# Flickering while watching on Plex or Kodi



## Levin83

Hey guys, first post here and after reading a bunch of posts, i'm wondering if its just me but i only seen like one other person mention the flickering problem i'm having. Resolution on my Tivo Stream 4K is set to 4K60hz and when i'm watching something on Plex or Kodi, the screen flickers. And its not like its once in awhile, its pretty often to the point i don't even want to watch anything with this thing. Also, a bunch of other problems i noticed, random black screen...forced HDR, coming from a Xiaomi Mibox 3 and Nvidia Shield this is pretty annoying. My eyes went blind from seeing Elmo in super bright red when i was watching sesame street with my daughter. And the USB-C port, i tried 2 USB-C hubs with ethernet, couldn't get either of them to work. However i did get a flash drive with a adapter to work. Really was hoping to love this but so far, i'm pretty disappointed.


----------



## ptcfast2

Not just you - happens to me as well. It's super annoying and no idea why it happens.


----------



## osu1991

Yep, I think I posted a comment about it. Changing the resolution to 4k30 has been the only way to stop it so far.


----------



## jkuter

Same thing, I reduced it to almost 0 by moving it from my receiver to the tv which also solved some of the cec sync issues but it also means I don't have dd anymore, only pcm. First day woes I guess.


----------



## aaronwt

No Flickering here when using Plex. UNless you want to count trying to play titles encoded in VC-1, where a lot of frames are dropped.

Plex in Kodi works better than the native Plex app with the Stream 4K. Titles that would not play in the native plex app because of the audio track will play in the Plex app inside Kodi.

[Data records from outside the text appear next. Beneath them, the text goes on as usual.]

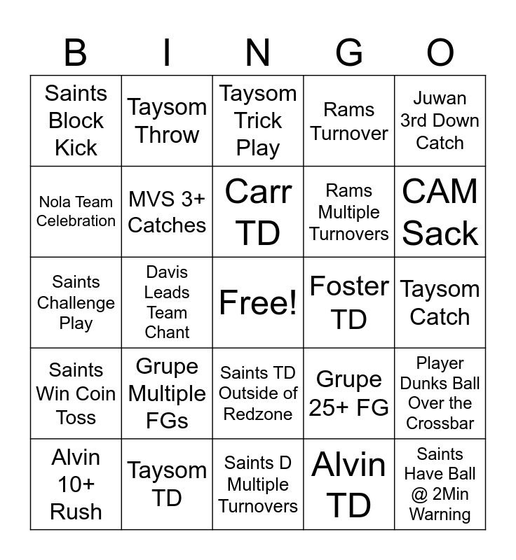 This bingo card has a free space and 39 words: Rizzi gets Excited w/ Team, Hill TD, Saints D Tackle in Backfield, MVS 3+ Catches, Alvin 10+ Rush, Saints TD Outside of Redzone, Carr TD, Saints Geaux for it on 4th Down, Juwan 3rd Down Catch, Saints Win Coin Toss, Davis Leads Team Chant, Rams Turnover, Saints Have Ball @ 2Min Warning, Taysom Catch, Foster TD, Grupe Multiple FGs, Saints Punt Ball Inside 10, Saints Block Kick, Rams Penalty, Grupe 25+ FG, Nola Team Celebration, Saints D Multiple Turnovers, Rams Multiple Turnovers, CAM Sack, Mathieu Talks Trash, Saints Score 2 PTs, Young Sack, Carr Multiple TDs, Lattimore Pick, Taysom Throw, Carr 3+ Completions in a Row, Mike Thomas Flex, Taysom Trick Play, Taysom TD, Alvin TD, Player Throws Ball into Stands, Player Dunks Ball Over the Crossbar, Saints Challenge Play and Nola Return Kick to House.
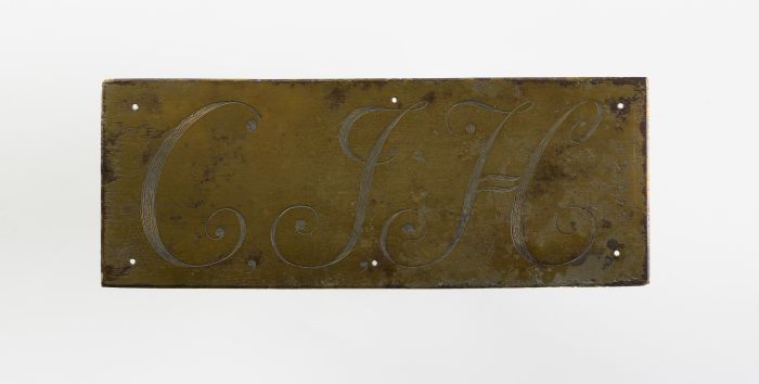 Rechthoekige koperen grafplaat of kistplaat "C.J.H."...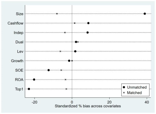 82]. A single effect of the test variable on the outcome variable is achieved by matching samples in the control group with characteristics similar to the treatment group and controlling for the effects of other factors on the outcome variable. The specific steps include: (1) selecting matching variables to construct a logit model to calculate the propensity score, which is recorded as the PS value (implemented through Stata); (2) selecting matching methods to match the samples; (3) testing the premise hypotheses, i.e., the balanced hypothesis and the common support hypothesis. The conditions that need to be met to test the balanced hypothesis are that the standardized deviation of each matched variable in the control and treatment group samples after matching fluctuates around 0%, i.e., there is no significant difference between the means of the variables in the two groups of samples. Pre-matching and post-matching samples are generally used in empirical tests.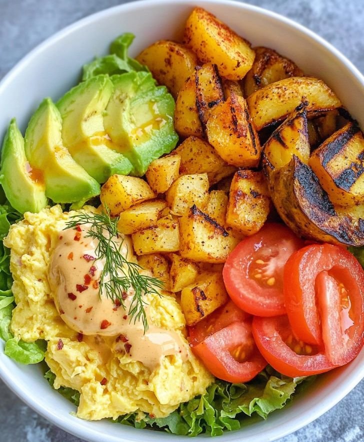 A vibrant, nutrient-packed breakfast bowl to kickstart your day, featuring protein-rich eggs, creamy avocado, fiber-rich grains, and fresh seasonal fruits. Bright, fresh, and Mediterranean-friendly—non-spicy and energizing.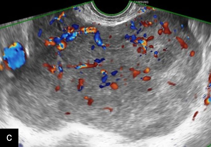 Transvaginal ultrasound images with color Doppler of uterine sarcoma, demonstrating heterogeneous echotexture and irregular margins. The Doppler assessment reveals variable vascularization patterns, ranging from moderate (a–b) to extensive (c) intralesional blood flow. Images (b) and (c) show the 'cooked appearance' of solid tissue, a sonographic feature defined by the lack of structure of the solid component and the absence of acoustic shadowing.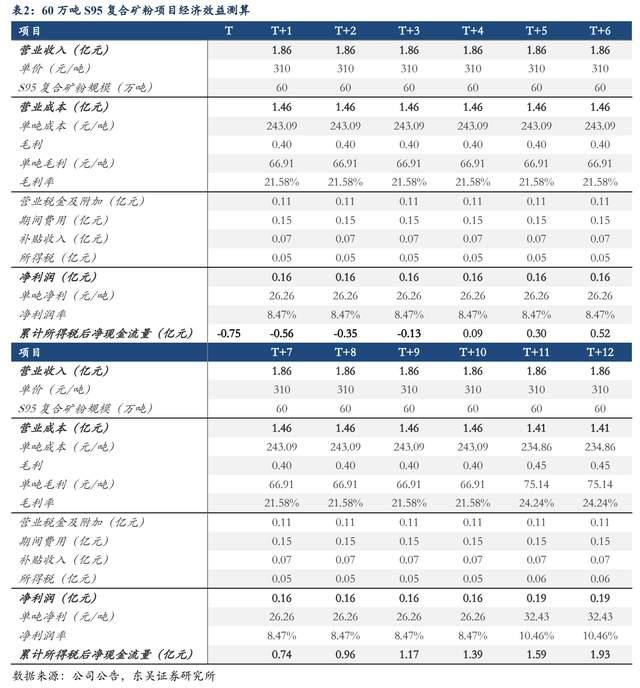 假設公司S95復合礦粉單價為310元/噸,礦粉銷售規(guī)模60萬噸時,預計全年貢獻營業(yè)收入1.86億元,凈利潤1575萬元,毛利率21.58%,凈利率8.47%,稅后內部回報率26.59%,具備較好的經(jīng)濟效益。同時,我們根據(jù)公司已披露的營業(yè)成本拆分里可以看到預計單噸成本在243.09元/噸,其中原材料、燃料及動力費、折舊攤銷費、工資及福利費、修理費占比分別達74%、20%、4%、1%、1%。

The main issue I've seen with Plex is the forced HDR. Which screws up playing an HDR title in Plex.


----------



## osu1991

Still getting the occasional blinking using Emby tonight. I didn’t notice it using Plex earlier today.


----------



## TonyTheTiger

I have to switch to my AppleTV to watch anything on Plex. It’s annoying.


----------



## ptcfast2

It seems that I was able to solve it with setting preferred HDR to HDR10 instead of Dolby Vision + enabled full HDMI Self Adaptation via the hidden menu + enabled HDMI Refresh Rate Switching in Plex as well.

So that's fun...


----------



## blacknoi

ptcfast2 said:


> It seems that I was able to solve it with setting preferred HDR to HDR10 instead of Dolby Vision + enabled full HDMI Self Adaptation via the hidden menu + enabled HDMI Refresh Rate Switching in Plex as well.
> 
> So that's fun...


Turnkey, sure....

I love to tinker but whoah. Applevtv's plex app is just rock solid for me.


----------



## Levin83

ptcfast2 said:


> It seems that I was able to solve it with setting preferred HDR to HDR10 instead of Dolby Vision + enabled full HDMI Self Adaptation via the hidden menu + enabled HDMI Refresh Rate Switching in Plex as well.
> 
> So that's fun...


Can you point me towards this hidden full HDMI self adaption option? I'm willing to give it a shot


----------



## ptcfast2

Levin83 said:


> Can you point me towards this hidden full HDMI self adaption option? I'm willing to give it a shot


Access Tivo Stream 4K Hidden A/V Menus


----------



## Levin83

Thanks for the link but doesn't work for me. Tried part and total HDMI self adaption and even disabled dolby vision. Flickering still occured on Kodi, Plex, Live Channels and PBS Kids...


----------



## ptcfast2

Levin83 said:


> Thanks for the link but doesn't work for me. Tried part and total HDMI self adaption and even disabled dolby vision. Flickering still occured on Kodi, Plex, Live Channels and PBS Kids...


Sorry to hear that. 

There's definitely a few bugs going on here for sure! When I switched off of Dolby Vision to HDR10 I stopped getting random black frames and then was just left with the odd one here and there which the refresh rate stuff fixed as far as I can tell. My solution, even if it worked for me, shouldn't be required either way.


----------



## fattymcbuckles

ptcfast2 said:


> It seems that I was able to solve it with setting preferred HDR to HDR10 instead of Dolby Vision + enabled full HDMI Self Adaptation via the hidden menu + enabled HDMI Refresh Rate Switching in Plex as well.
> 
> So that's fun...


I'll have to try this,thanks !


----------



## fattymcbuckles

osu1991 said:


> Yep, I think I posted a comment about it. Changing the resolution to 4k30 has been the only way to stop it so far.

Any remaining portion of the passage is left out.